* Exercise requirements: Once you find the line containing "O Castramóvel Pro" in the data below, copy it and each following line exactly, up to and including the line containing "煤矿矿井供电系统无功补偿技术的应用策略", and nothing else.

* Dataset records:
########################################

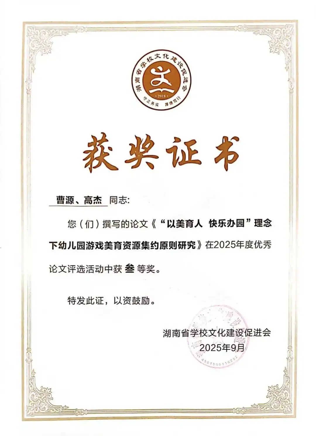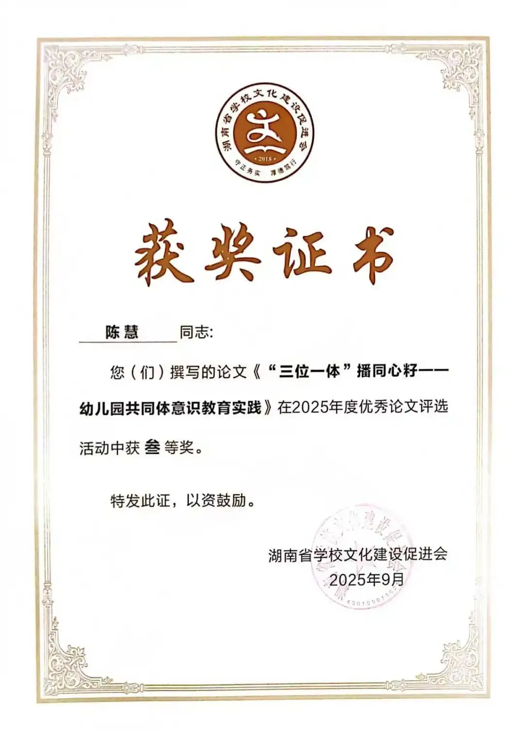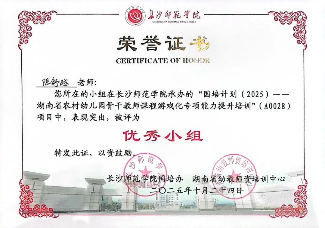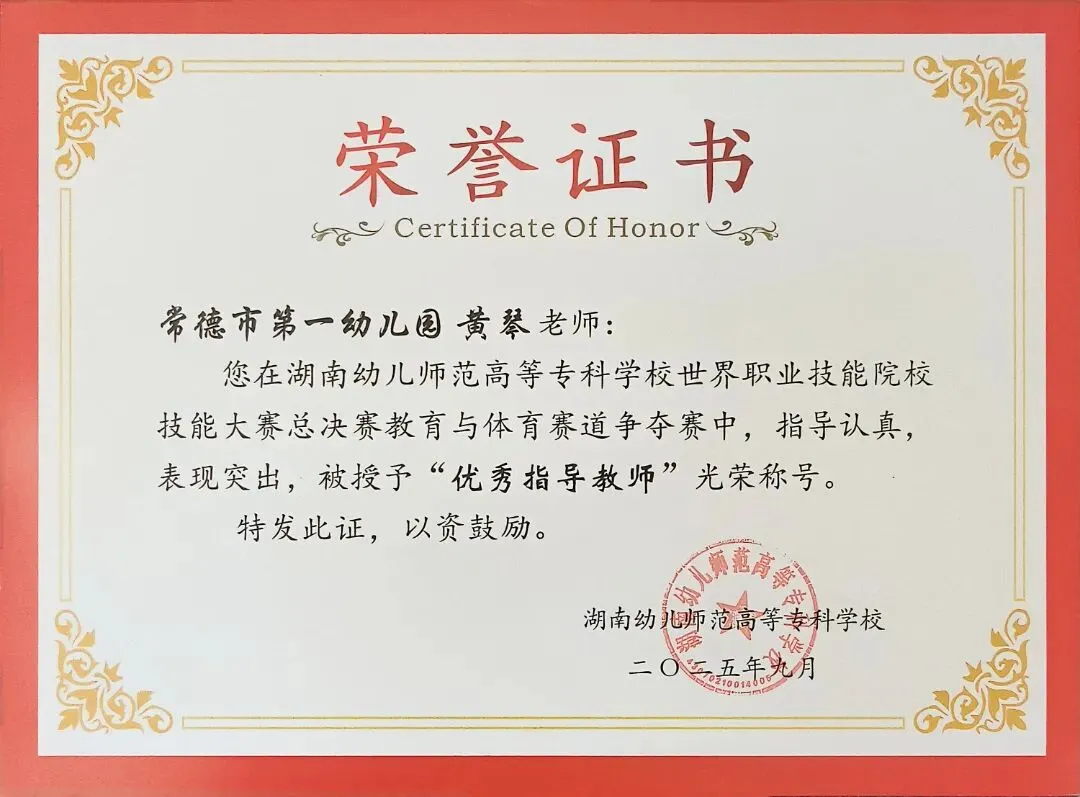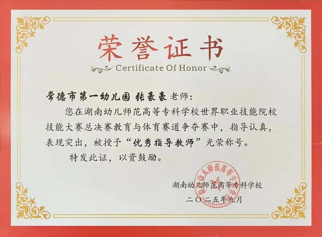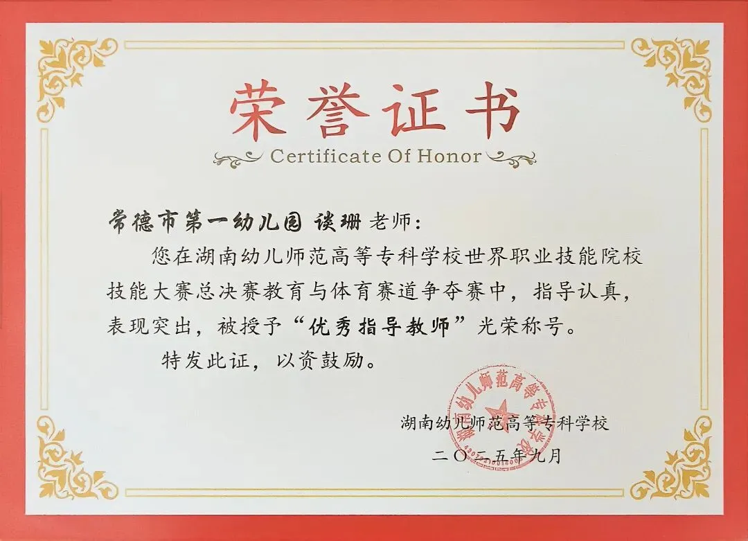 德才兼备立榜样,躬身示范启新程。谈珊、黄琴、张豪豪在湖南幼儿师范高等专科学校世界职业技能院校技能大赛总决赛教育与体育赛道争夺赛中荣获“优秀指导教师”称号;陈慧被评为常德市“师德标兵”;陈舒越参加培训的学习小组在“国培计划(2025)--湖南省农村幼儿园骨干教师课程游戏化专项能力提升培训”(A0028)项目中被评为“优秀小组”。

########################################

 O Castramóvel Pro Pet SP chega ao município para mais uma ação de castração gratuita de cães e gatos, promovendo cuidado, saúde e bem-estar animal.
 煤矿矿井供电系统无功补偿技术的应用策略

########################################

* Response to the exercise:
 O Castramóvel Pro Pet SP chega ao município para mais uma ação de castração gratuita de cães e gatos, promovendo cuidado, saúde e bem-estar animal.
 煤矿矿井供电系统无功补偿技术的应用策略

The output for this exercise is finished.